Он вам не Тишайший (СИ) - Шведов Вадим
Сердце моё екает. Линзы…Зрительные трубы…Это же ключ к звёздам, к тем самым картам неба, что делают в математическом отделении! И без стекла — всё это пустые мечты.
— Так что? Задачка ясна? — Иван глядит на нас. — Научиться варить стекло не хуже заморского. Надобно такое же чистое, прозрачное, прочное. Будем использовать то, что есть под рукой. Наш поташ — вот он, первый помощник! В Европе с большим трудом соду добывают и её используют, а у нас нет таких залежей, да и покупать дорого выйдет. Поташ — наш ответ, но одного его мало будет.

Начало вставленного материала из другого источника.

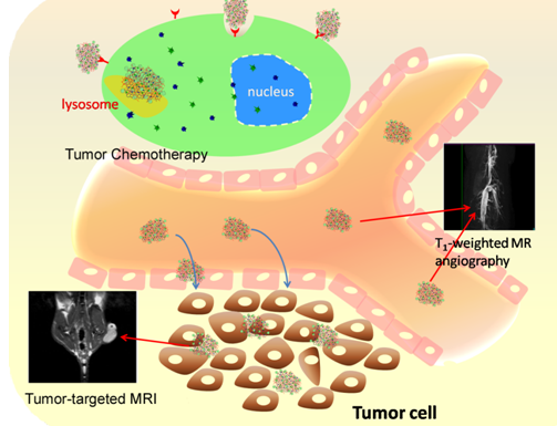 传统石墨烯基磁共振纳米诊疗剂存在两个问题,一是石墨烯二维材料尺寸较大,在活体中滞留时间较长,难以代谢,对活体器官造成潜在危害;二是接枝钆螯合物效率低,磁共振成像效果差,难以发现微小肿瘤。基于此,吴正岩研究组利用化学手段将氧化石墨烯裁剪成80-100nm尺寸的纳米片,使氧化石墨烯在活体内具有合适的滞留时间,且易于代谢出体外;同时,将裁剪后的氧化石墨烯与金属化的树状高分子接枝,提高氧化石墨烯表面钆螯合物含量,使磁共振成像效果显著提高。在小鼠体内实验结果表明,该纳米诊疗剂能够显著提高肿瘤组织对比度,增加肿瘤组织检测敏感度,对肿瘤展现很好的抑制作用,提高肿瘤的治疗效率。此外,该纳米诊疗剂具有很好的血管造影功能,为心血管疾病的诊断提供了积极思路。
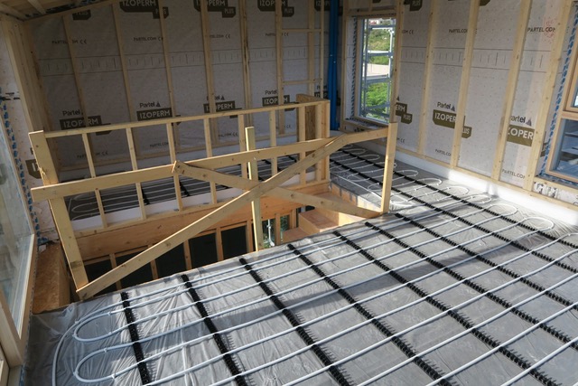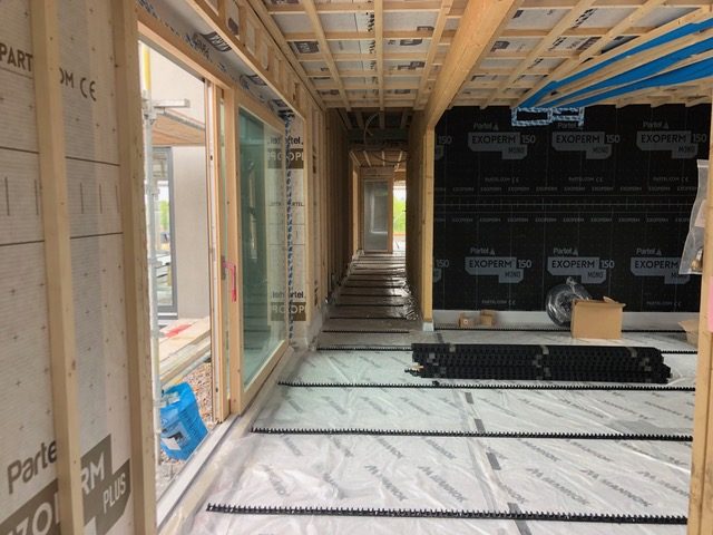 It’s hard to imagine the need for heating during the current heatwave, but the ‘winter is coming’ as they say. Our underfloor heating piping was installed last month. It will be powered by an air to water heat pump. This was the best option for our site, while using a renewable heat source.
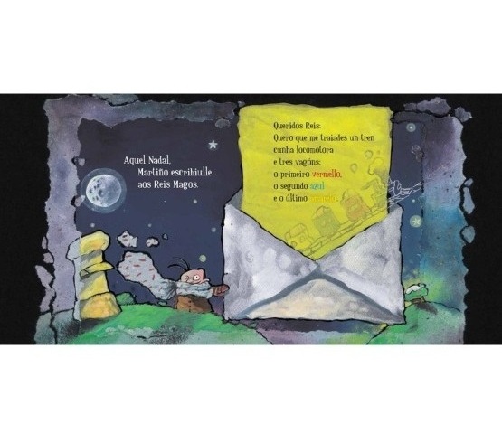 Cando Martiño tivo ganas de mexar na noite de Reis chega sempre polo Nadal para facer sorrir a lectores pequenos e grandes, para que gocen da ledicia e da ilusión que agroma en cada páxina. Porque todo comeza cunha carta co mesmo encabezado: “Queridos Reis…”
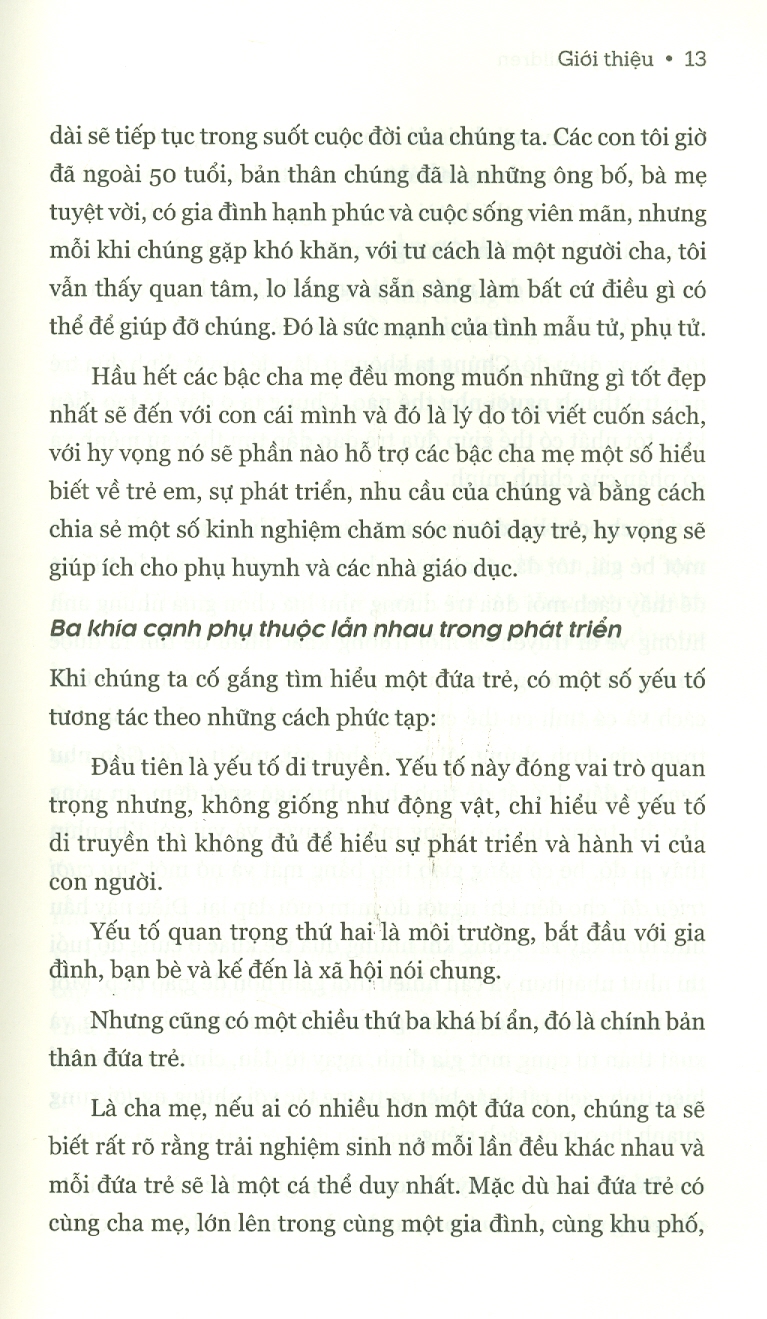 Sự tức giận ở trẻ em là một thử thách đầy mệt mỏi. Cơn giận dữ của một đứa trẻ có thể mang đến cho cha mẹ nhiều giây phút căng thẳng và nặng nề. Là cha mẹ, chúng ta lo lắng và đôi khi trong lúc tuyệt vọng, chúng ta nói cũng nhưlàm những điều mà trước khi có con chúng ta không bao giờ tưởng tượng được ra... Việc phải đối mặt với một đứa trẻ giận dữ là một thử thách to lớn Xử lí sự tức giận là việc cực kì khó. Trẻ con tức giận rất khó giải quyết. Thật mệt mỏi khi phải đối phó với những cơn phẫn nộ triền miên, nhất là khi cha mẹ bị quá tải với hàng đống việc cần hoàn thành mỗi ngày. Khi một đứa trẻ tức giận và hung hăng, cha mẹ cũng có thể thấy lo lắng về tương lai của đứa trẻ đó. Một điều khiến cho vấn đề trở nên phức tạp hơn là sự tức giận không bao giờ xuất hiện đơn lẻ. Một đứa trẻ có thể luân phiên giữa tức giận và buồn bã, giữa tức giận và xấu hổ. Thậm chí có thể vừa tức giận vừa vui sướng. Nhưng phản ứng cảm xúc của cha mẹ vẫn xảy ra bất chấp thực tế là đằng sau sự tức giận, trẻ có thể đang bị tổn thương. Khi bị dồn đến giới hạn chịu đựng, chúng ta phản ứng lại sự tức giận của con bằng cách trở nên tức giận. Sau đó, có thể chúng ta sẽ chỉ trích, chế nhạo, xa lánh con hoặc buông xuôi. Sự tức giận của con cái cũng có thể khiến chúng ta tuyệt vọng. Giải pháp là biết nhiều hơn về cơ chế của sự tức giận Đằng sau hành vi hung hãn thường ẩn giấu cảm giác dễ tổn thương. Một đứa trẻ giận dữ thường là một đứa trẻ đang bối rối, xấu hổ, thất vọng haojwc cảm thấy mình nhỏ bé, ngu ngốc hay kém cỏi. Sự tức giận của trẻ có thể là biểu hiện của nỗi buồn, sự cô đơn hoặc sợ hãi. Là người lớn, bạn cần cảm nhận thức được cơn giận dữ cực đoan của trẻ có thể gợi lên trong bạn cảm xúc gì, và bạn cần được hỗ trợ để biết cách kiểm soát cảm xúc của chính mình - những cảm xúc có thể ngăn cản bạn thực hiện nhiệm vụ quan trọng là trở thành điểm tựa tinh thần cho con. Cuốn sách này cung cấp cho bạn tất cả những gì cần biết về sự tức giận và hung hăng của con mình Cuốn sáchTrẻ Cáu Cha Mẹ Gắtsẽ làm sáng tỏ sự tức giận, nhắc nhở mọi người lí do tại sao nó lại là một cảm xúc quan trọng và cần thiết. Sự tức giận có một vai trò xã hội rất quan trọng giúp chúng ta tạo ta các ranh giới và bảo vệ chính mình. Cuốn sách này cung cấp cho bạn tất cả những gì cần biết về sự tức giận và hung hăng của con mình. Trọng tâm của cuốn sách không phải là cho con bạn bất cứ thứ gì chúng muốn, cũng không phải là dung túng cho những hành vi hung hãn. Mà sẽ chỉ cho bạn một cách tiếp cận mới để duy trì ranh giới lành mạnh có thể giúp bạn thiết lập các giới hạn một cách hiệu quả, đồng thời hiểu được cảm xúc của con mình. Bạn cần nhớ rằng, việc hiểu được cảm xúc của bản thân và con cái là chìa khóa giúp bạn thành công khi thiết lập các giới hạn.
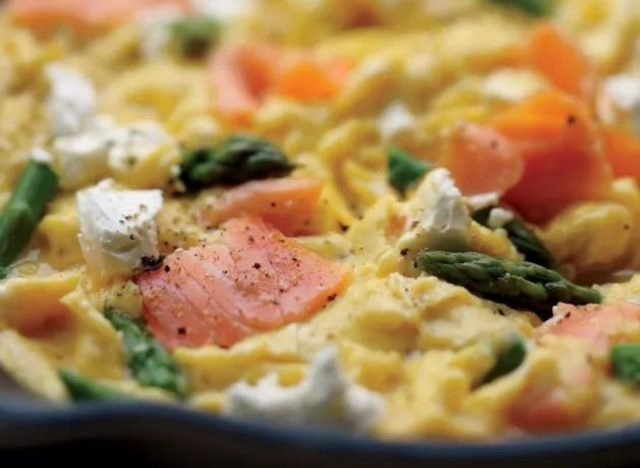 В яичницу можно добавлять практически все, что угодно, но почему бы не разнообразить ее и не попробовать более уникальные вкусовые сочетания? Чтобы получить полезные жиры, белок, а также мощные витамины и антиоксиданты, добавьте в свой следующий яичный завтрак немного лосося, спаржи и козьего сыра.
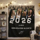 This custom graduation tapestry backdrop is designed to make your celebration unforgettable, featuring your personal photos, custom name (e.g. Congratulations Elizabeth!), and graduation year (2026 or any year) in a bold, eye-catching layout.
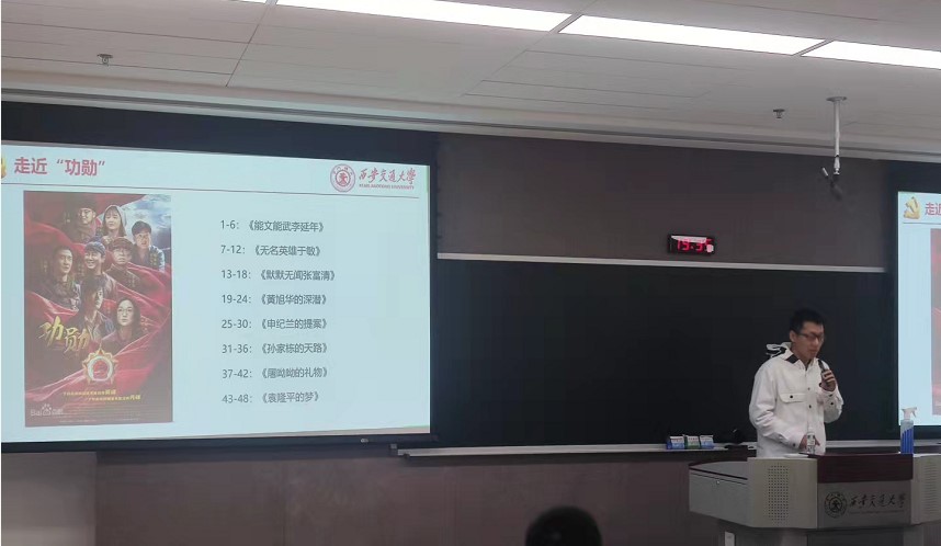 王昊同学通过播放孙家栋同志的功勋事迹视频和生动形象的描述,让大家了解到一个勤奋、有胆识、爱国的功勋,并引用了一句话作结语:不要怕乌云一时遮住了天,真理是藏不住的,就像包在纸里的火,反而烧的更加猛烈!不由得让我们对孙家栋同志产生由衷的敬佩之情。芶杨蕴藉同学从笃定信念跟党走、战火硝烟写忠诚、永葆本色当好兵三个方面介绍了始终保持党员和军人革命本色、居功不自傲、自身要求严的老英雄李延年,阐述了自己对功勋描绘的老英雄的敬佩之情,还表达了自己对《功勋》和《长津湖》两部文艺作品的看法和思考。
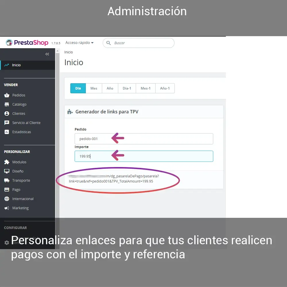 - Configura en el enlace información del pedido, importe, referencia, etc.
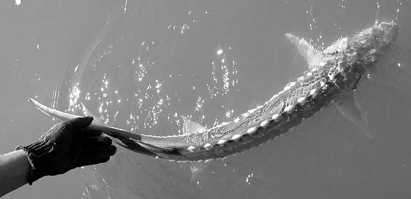 A small sturgeaon returns to the depths of the Fraser River near Vancouver British Columbia, Canada.
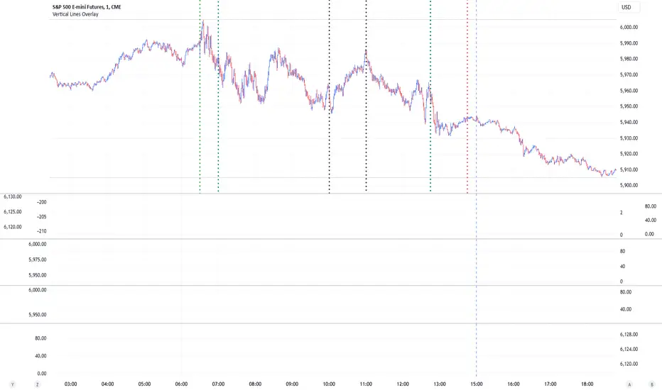 This script allows users to draw vertical lines on their charts at specific times of the day, providing a customizable tool for marking key events, session changes, or any other time-based analysis.
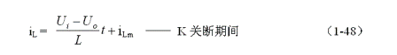 式中i(Ton+)為控制開關K從Ton轉換到Toff的瞬間之前流過電感的電流,i(Ton+)也可以寫為i(Toff-),即:控制開關K關斷或接通瞬間,之前和之后流過電感L的電流相等。實際上(1-47)式中的i(Ton+)就是(1-45)式中的iLm,因此,(1-9)式可以改寫為:
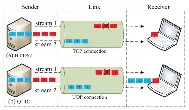 QUIC的多路复用机制是指通过单个传输连接发送多个数据流。在访问HTTP服务器时,由于HTTP/1.1一次只能请求一个资源,客户端通常需要建立多个并发的TCP连接,这种方式导致了复杂的连接管理以及低效的端到端资源的使用(每个连接都要从慢启动开始增加拥塞窗口)。HTTP/2则通过在一个TCP连接上进行多路复用来解决该问题。然而即使不同流(stream)的数据内容是相互独立的,如图5(a)所示,某条stream上的数据丢失仍然可能导致队头阻塞,因为TCP连接要求所有数据按照发送顺序传送到应用程序。在QUIC的设计中,如图5(b)所示,QUIC也支持在单个连接上复用并发的HTTP stream,一个QUIC连接可以携带相同或不同stream的多个帧,属于同一stream的所有帧按顺序传送。与HTTP/2不同的是其中一条stream中的丢包不影响其他stream的数据传输。
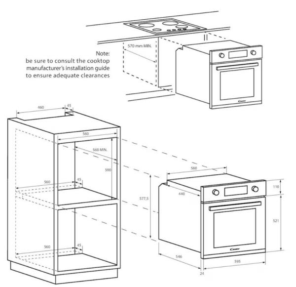• Abertura necessária (L × A × P): 585 × 560 × 560 mm
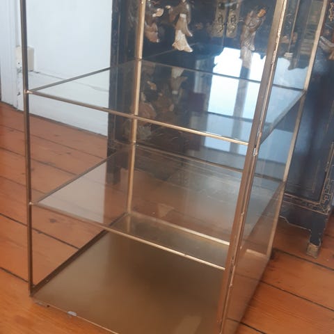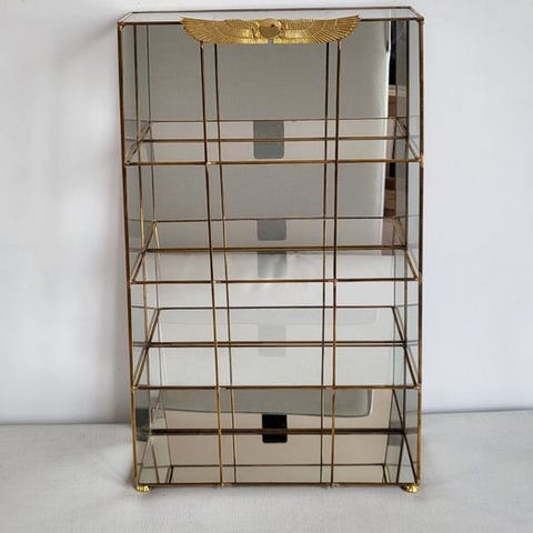 Elegant par vægmontrer i messing og glas, med raffineret design og meget dekorativt. Hvert element har en slank, flere niveauer struktur, ideel til udstilling af små genstande, bibelotter, miniatyrer eller samlerobjekter.

Начинается суматоха. Роемся в книгах, привезённым царём, — толстых фолиантах на латыни и немецком, с гравюрами печей и схем. Гриша с Федотом что-то яростно чертят на грифельной доске, высчитывая пропорции. Я бегаю по двору, собирая разные образцы песка. Вот, обычный речной — желтоватый, мелкий. Песок из карьера под Москвой — покрупнее, с камушками. Иван ещё привёз мешочек белого песка с какого-то дальнего озера — он кажется чище.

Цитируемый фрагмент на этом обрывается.